Mayor of Woerden
- In office 1873–1883
- Preceded by: Johannes Nolen
- Succeeded by: Matthijs Willem Schalij

Mayor of Zoeterwoude
- In office 1871–1873
- Preceded by: Pieter van Outeren
- Succeeded by: Hendrik Hemmingson

Governor of the Dutch Gold Coast
- ad interim
- In office 13 June 1864 – 7 December 1864
- Monarch: William III of the Netherlands
- Preceded by: Carel van Hien
- Succeeded by: Henri Alexander Elias

Personal details
- Born: 14 September 1830 Amsterdam, Netherlands
- Died: 13 April 1906 (aged 75) Velp, Netherlands
- Spouse: Sandrina Christina Enschedé

= Hendrik Doijer =

Dutch politician

Hendrik Doijer Jzn (born 14 September 1830 – 13 April 1906) was a Dutch politician, who first made a career in the administration on the Dutch Gold Coast and who became interim governor during the European leave of governor Henri Alexander Elias on 13 June 1864, upon the death of his interim predecessor Carel van Hien.
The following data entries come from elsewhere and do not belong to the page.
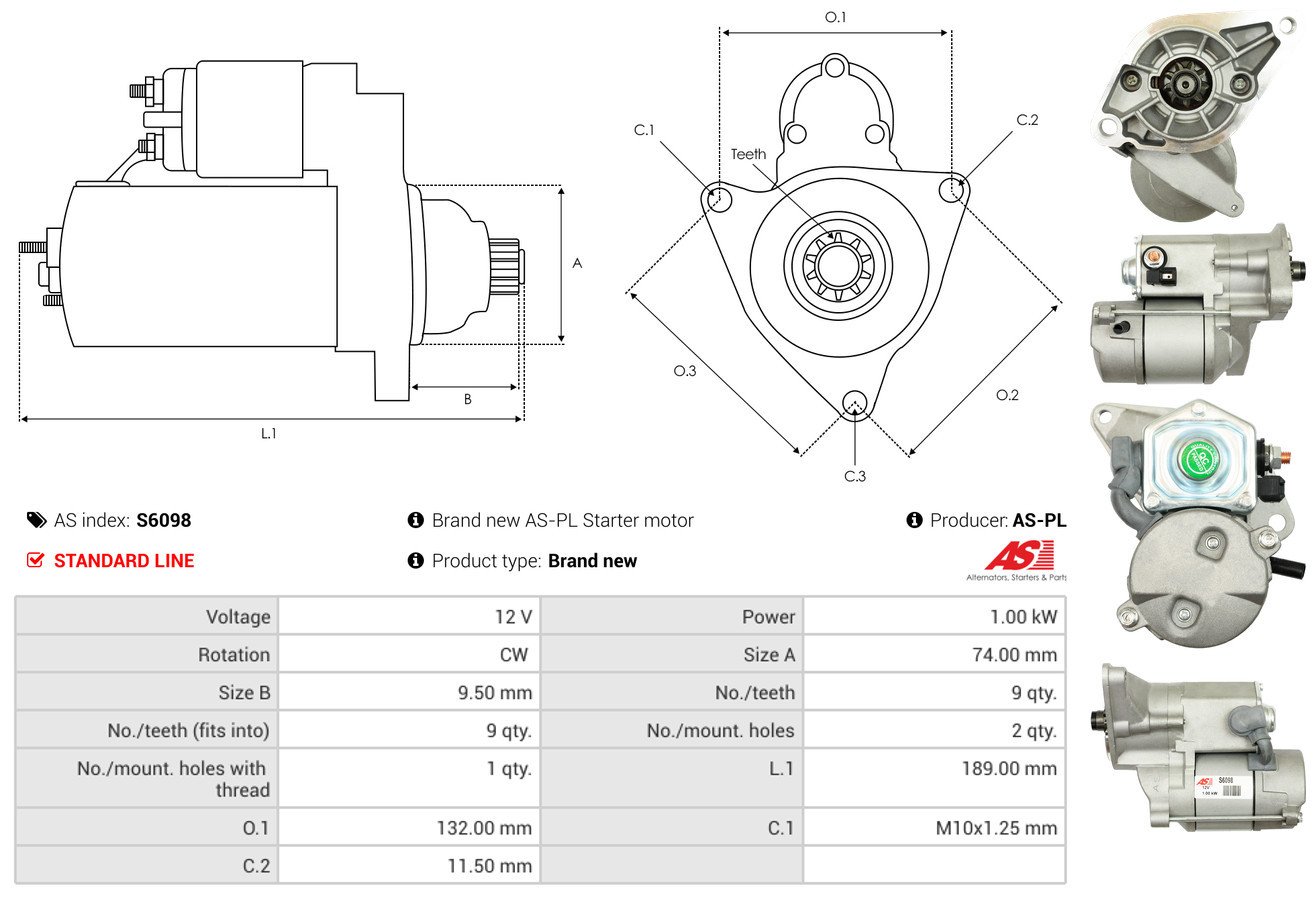 AS-PL je renomovaná evropská značka se sídlem v Polsku, která se specializuje na výrobu a distribuci startérů, alternátorů a jejich komponentů. Společnost vznikla v roce 1992 a dnes dodává více než 20 000 různých produktů do více než 100 zemí světa. AS-PL nabízí jak kompletní jednotky, tak i náhradní díly a komponenty pro opravy.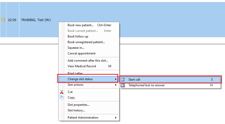 From the Appointment Book, right click on the patient slot and select Change slot status > Start call: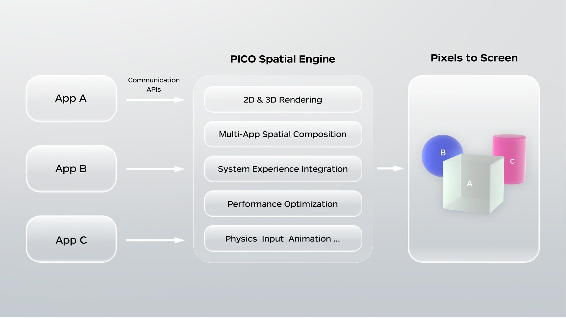 Introduce PICO Spatial Engine, a unified rendering architecture. It delivers spatial multitasking. Run multiple 3D apps, 2D apps, with your virtual and physical environments simultaneously. It's only possible with a unified rendering architecture.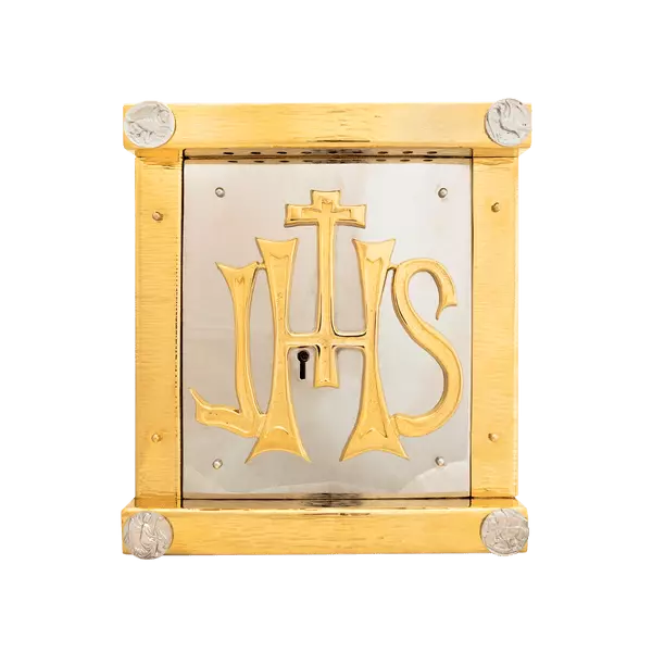 Tabernakulum mosiężne do kościoła z motywem IHS.

He later became mayor of Zoeterwoude and Woerden.

== Biography ==
Doijer was born in Amsterdam to painter Jacobus Schoemaker Doyer and Petronella Evekink.

Hendrik Doijer established himself as a merchant on the Gold Coast in 1851, joining his brother Huibert, who had been an agent for H. van Rijckevorsel & Co. since 1849. In 1853, Hendrik and Huibert founded the company Doijer Brothers in Elmina. Unlike his brother Huibert, who always remained a private merchant, Hendrik joined the Dutch colonial administration in 1856.